I had a table with a bigserial PK, one character varying FK and a bigint FK and a unique constraint on these FKs, a character varying NOT NULL and two nullable smallints.
All of this was running in a VM with Ubuntu 14.04.2 LTS, PHP 5.5.9 and PostgreSQL 9.3 and all other packages from the distribution.
I did
$pdo->query("SELECT * FROM table")->fetchAll(PDO::FETCH_ASSOC)
and
$r = pg_query($db, "SELECT * FROM table");
pg_fetch_all($r)
The latter returned all rows while the former returned all rows except for one.
I tried to select that very row as well, and while the pg_*()
functions worked as expected, PDO did not return any row.
To make it even stranger, the discrepancy only emerged in PHP-FPM with lighttpd 1.4.33, but not when run with PHP CLI in a shell.

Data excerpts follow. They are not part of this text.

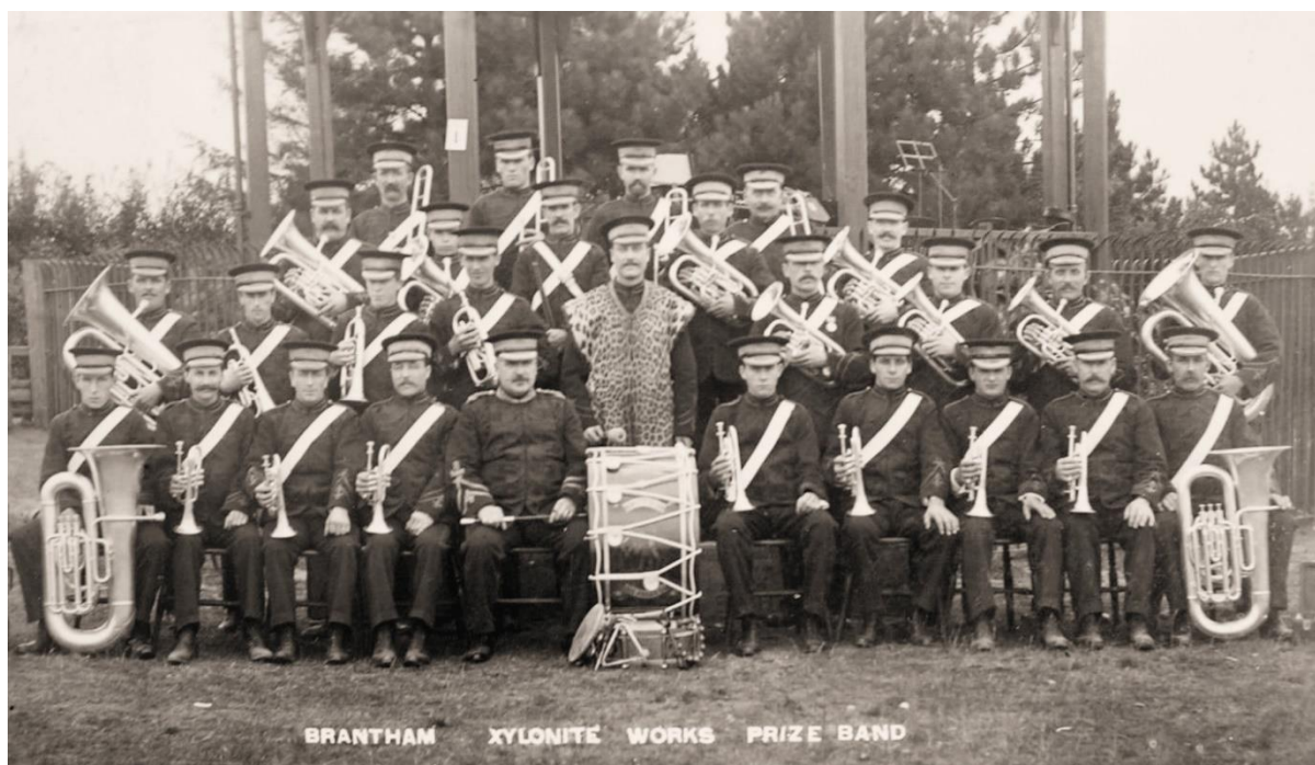
Brantham Xylonite Works Brass Band
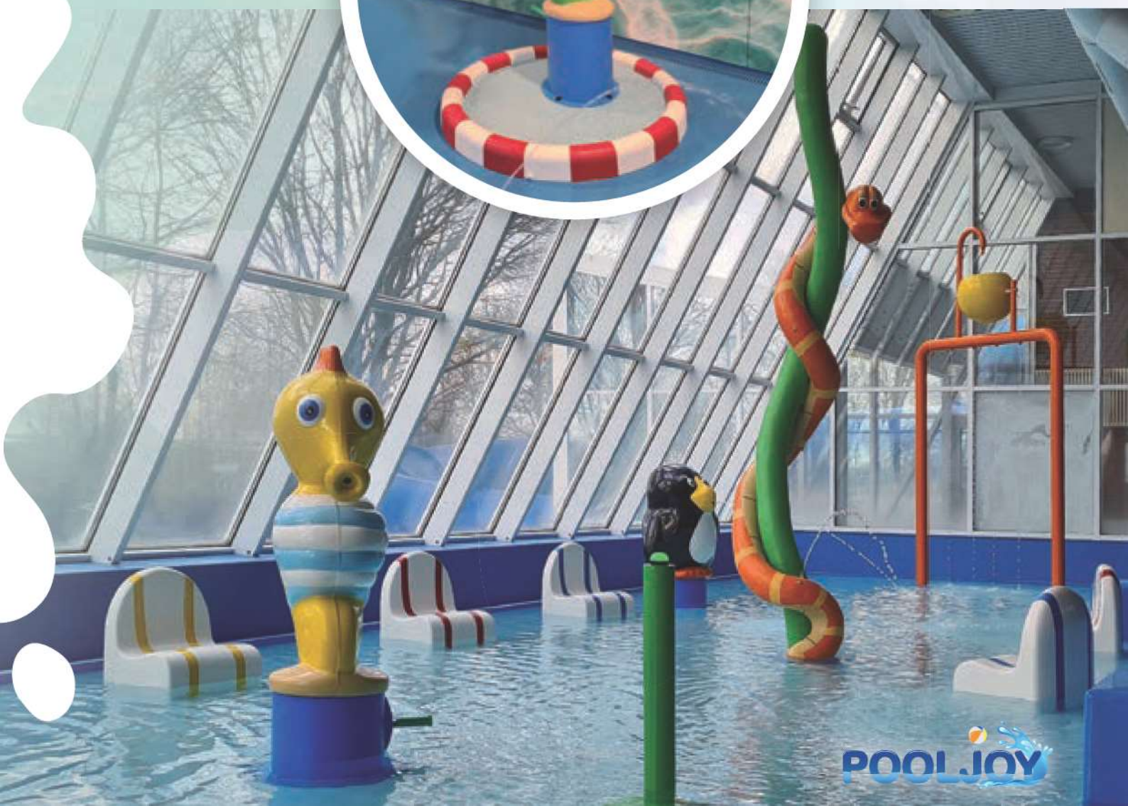
ANIMAL FIGURES - TIERFIGUREN - DIERFIGUREN
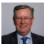
Alexander Stewart Scottish Conservative and Unionist Party
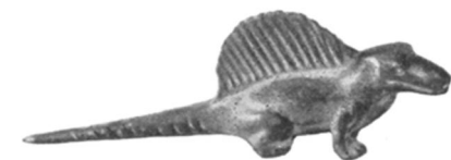
DIMETRODON Permian period

Authentic Museum of Natural History miniatures cast in royal bronze
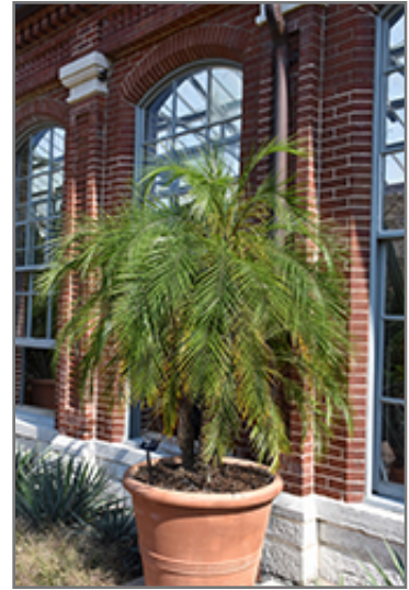
Pygmy Date Palm

This tropical plant does best in full sun to partial shade. It does best in average to evenly moist conditions, but will not tolerate standing water. It is not particular as to soil type or pH. It is somewhat tolerant of urban pollution. This species is not originally from North America.
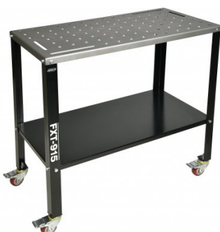
W08450 FIXTURE TABLE
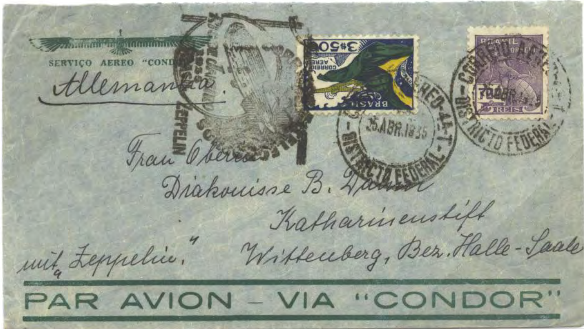
Special Cachet for Tourist Fair - Used in place of the standard cachet on part of the mail posted at Rio while the fair was being held - Postage 4$200 airmail.
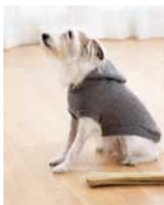
Hoodie Dog Coat (knit)
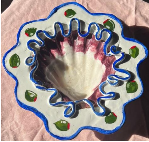
Chell-Fish Olive Shell Bowl, 2023 Real shells, held together by an epoxy clay, gouache paint and a food safe art resin. 9 inches round
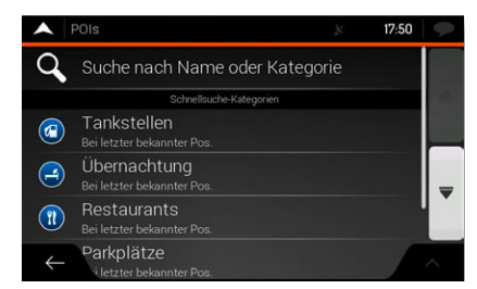
More than 6.5 million POI
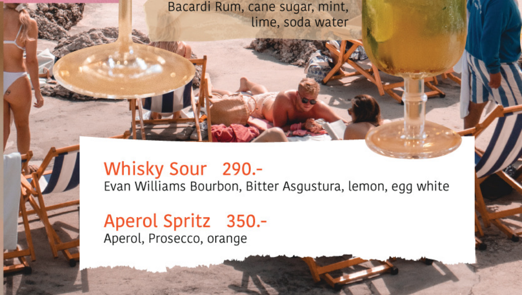
Aperol, Prosecco, orange
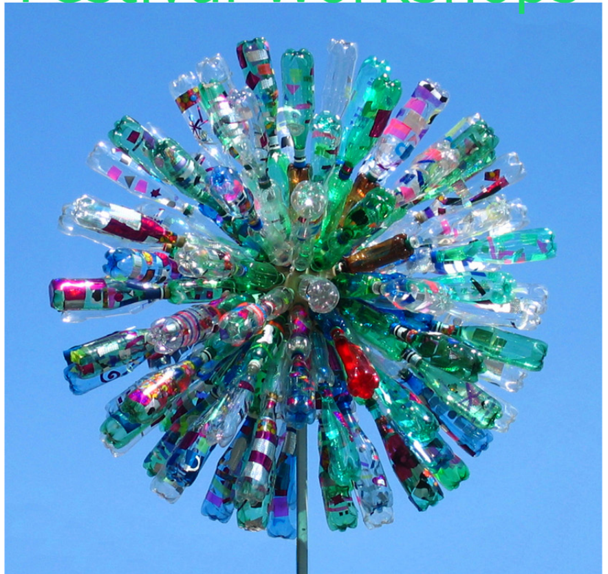
Dandelion made from 200 fizzy drinks bottles
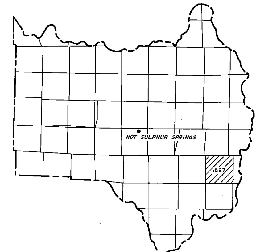
GRAND COUNTY Location Map
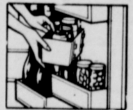
"Porta-Bin" Door Storage

20.7 Cu. Ft. NO-FROST REFRIGERATOR with HUGE FREEZER
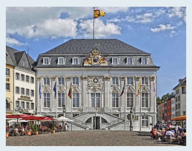
Altes Rathaus am Markt, Bonn

You can register for the Get Together Reception once you have received the official UNOOSA invent invitation, which will contain a dedicated form for the Side Events.
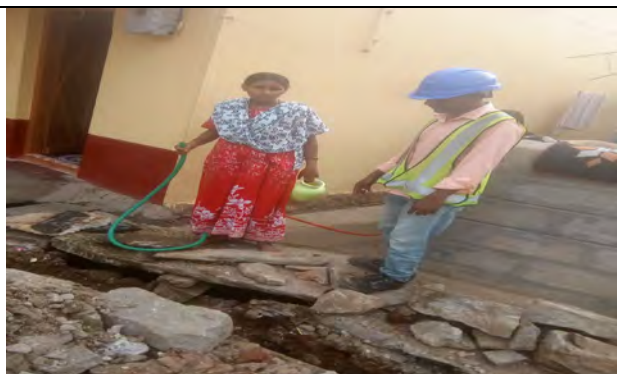
Consultation with stakeholder with Bus stand road Harihara Bulk WS
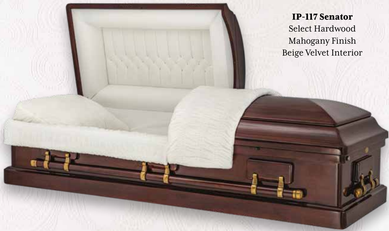
IP-117 Senator Select Hardwood Mahogany Finish Beige Velvet Interior

How can that be? Did anyone else encounter a similar situation? And how can I be sure that PDO will not fail me again?
I even tried rebooting the VM and restarted PostgreSQL, but the results did not change.
Sadly, I do not have a backup of this stuff because I had to get things working ASAP, so I deleted that mysterious row and replaced it with a new one, identical in all columns except for the PK.
The new row was returned properly by both.
Turns out, PostgreSQL may yield confusing and inconsistent results when its index gets corrupted.
In this case, just recreate the index and check if it fixes your problem.